The repeated assertions by Roman Catholic journalists of the absolute need for disestablishment are misconceived. They forget conveniently the long history of sometimes rather dubious Church-state concordats concluded by the Vatican and the fact that the president of France, no less, still nominates bishops for Alsace-Lorraine. As in so many other things, life is more complex than it seems.

My fundamental point concerns the need for a religious point of reference in the nation. It is of abiding significance in our increasingly pluralist society. As a member of the Select Committee on Religious Offences, I can assure the noble Lord, Lord Lester of Herne Hill, that his words on the blasphemy law are carefully noted; I concur with them. However, I do not believe that the agenda that often lies behind Motions of this kind adequately reflects the spiritual flavour of post-modern Britain. I am thinking of world events since 11th September, which make Europe's sometimes aimless and cynical way of relating to and adapting her cultural and political history look somewhat tired.
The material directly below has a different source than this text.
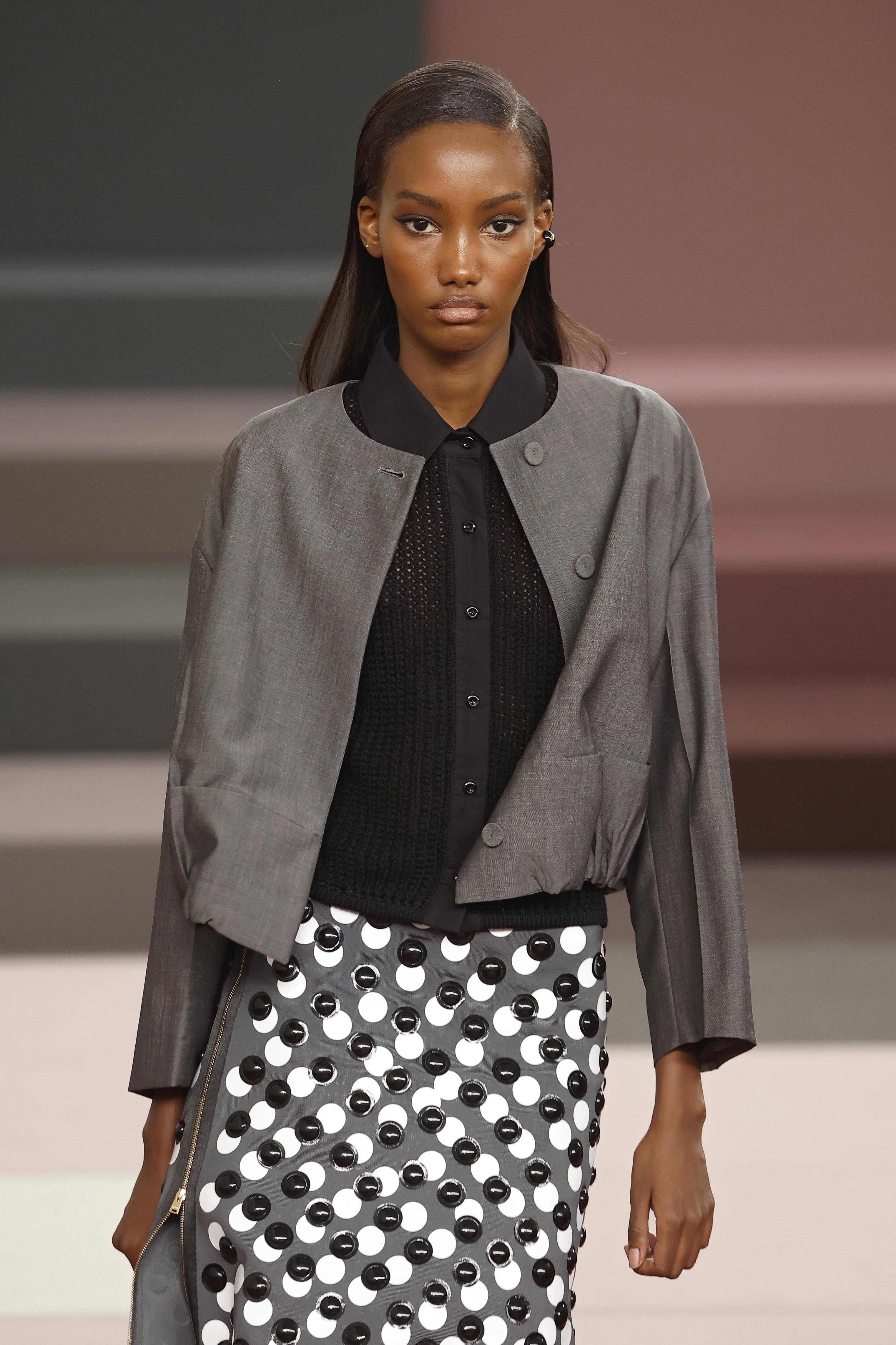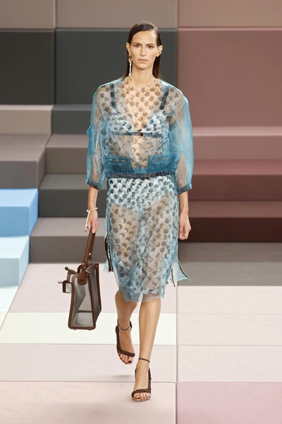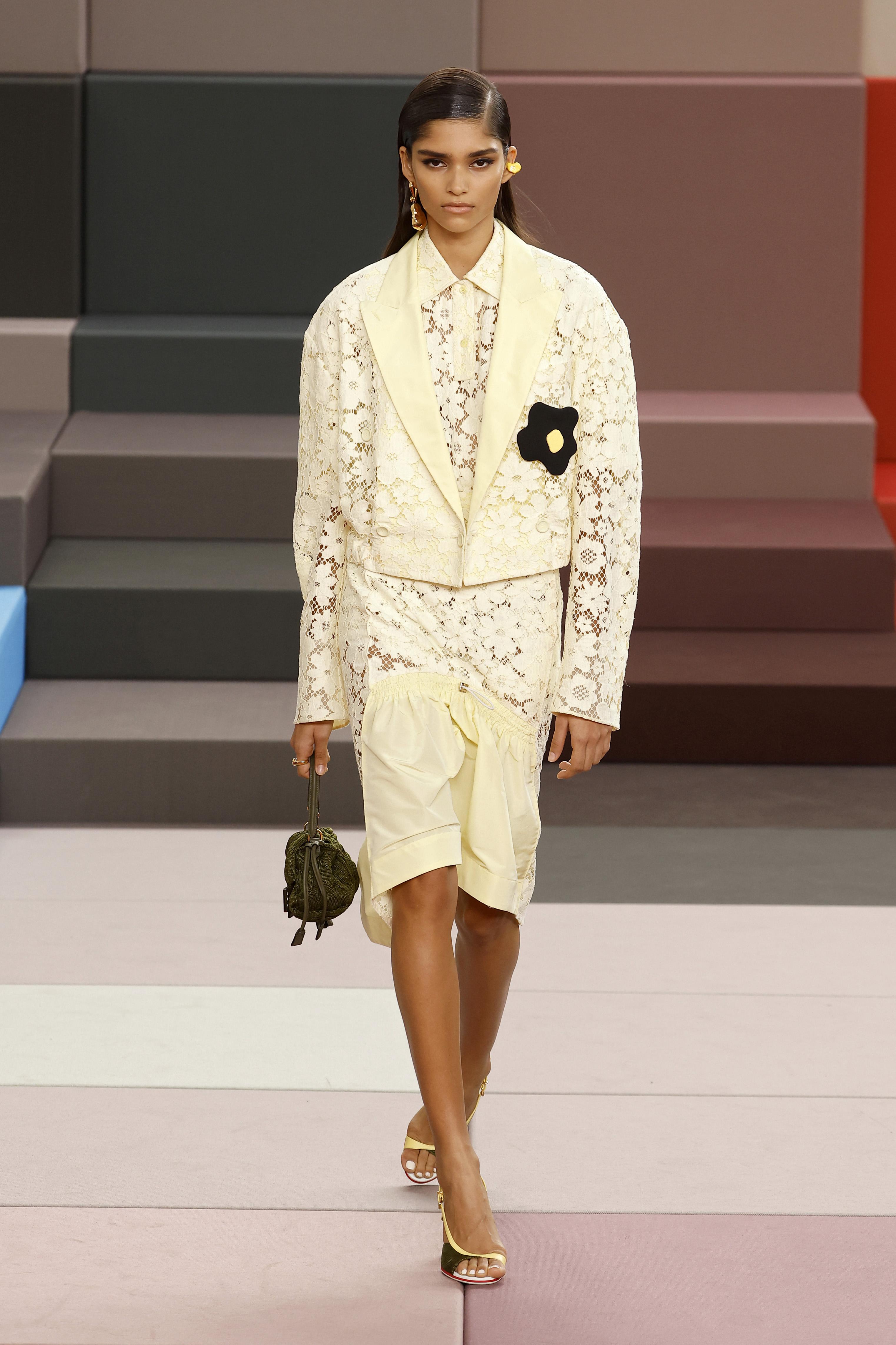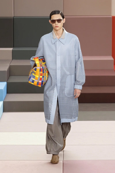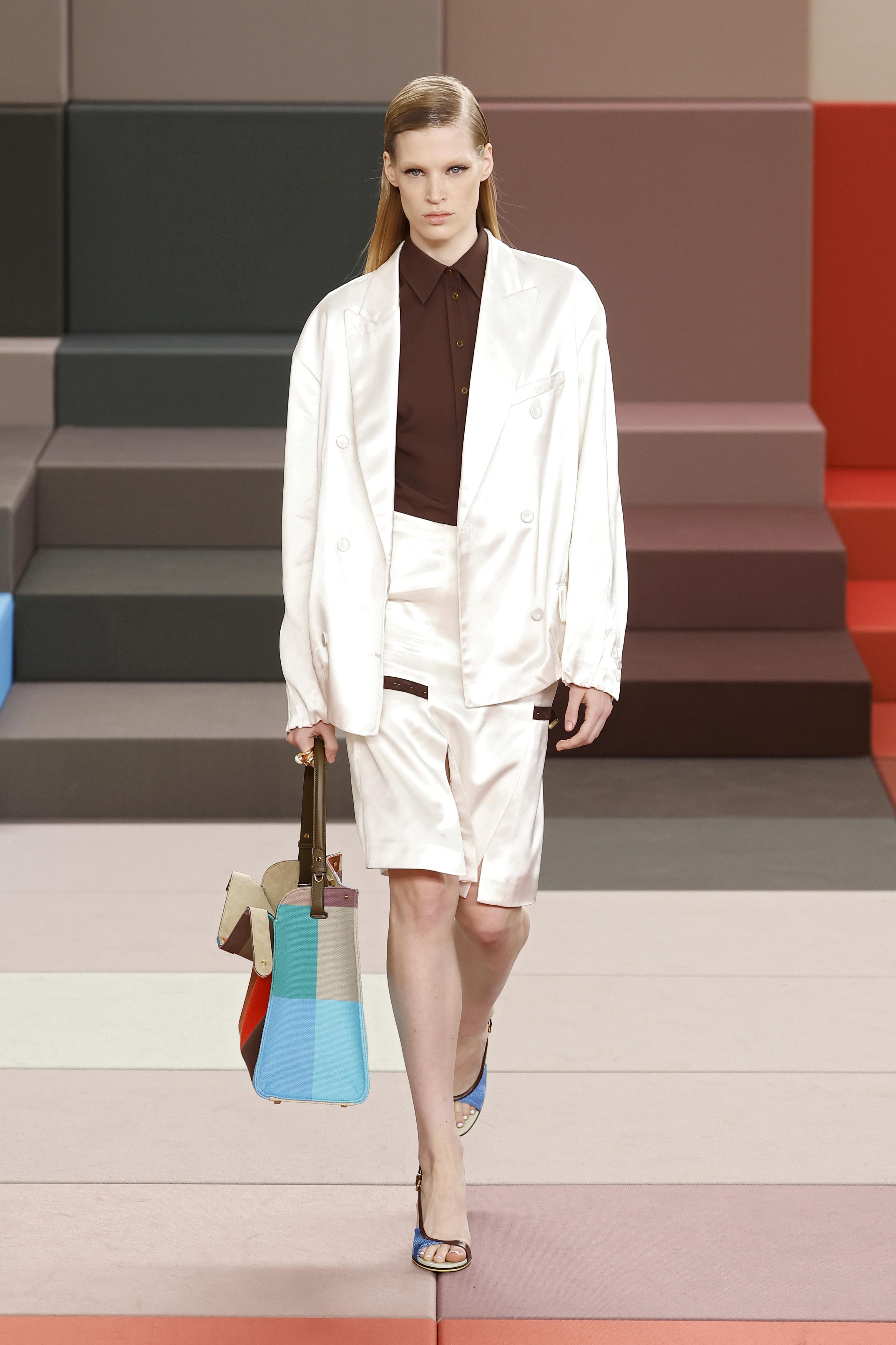 Происходящее вокруг моделей полностью продолжалось в их нарядах. В этот раз Сильвия Вентурини Фенди объединила сложное с простым: к лаконичному крою она добавила активные фактуры, насыщенные оттенки и броские принты. Полька-дот у нее дублируется сразу в двух оттенках, пальто и сумки оказываются сплетены из полосок ткани, подвороты на рукавах окрашиваются в контрастный самой футболке цвет, трикотажные костюмы только крупной вязки, а самые классические рубашки украшаются цветочными перфорациями.

Religion is back on the worldwide agenda; it is back in the market-place. It may be more individualised than before, but that is a characteristic of many other aspects of modern life. The whole business of joining and signing up and passive membership is as aspect of political life, as well as ecclesiastical life.

I know that many leaders of other Churches and faith communities value establishment as an important point of spiritual reference. I am led to believe that that is the position of the Chief Rabbi. When we talk to other faith leaders, we find that many of them hold the view that one cannot be a defender of all faiths in the abstract and general; in order to understand other faiths, one must be secure in defending one's own. There is no inevitability about the post-Enlightenment, secularist agenda. Increasingly, the post-modern world views religious and spiritual issues in a way that must be taken seriously and requires specific but inclusive embodiment, not merely vague recognition.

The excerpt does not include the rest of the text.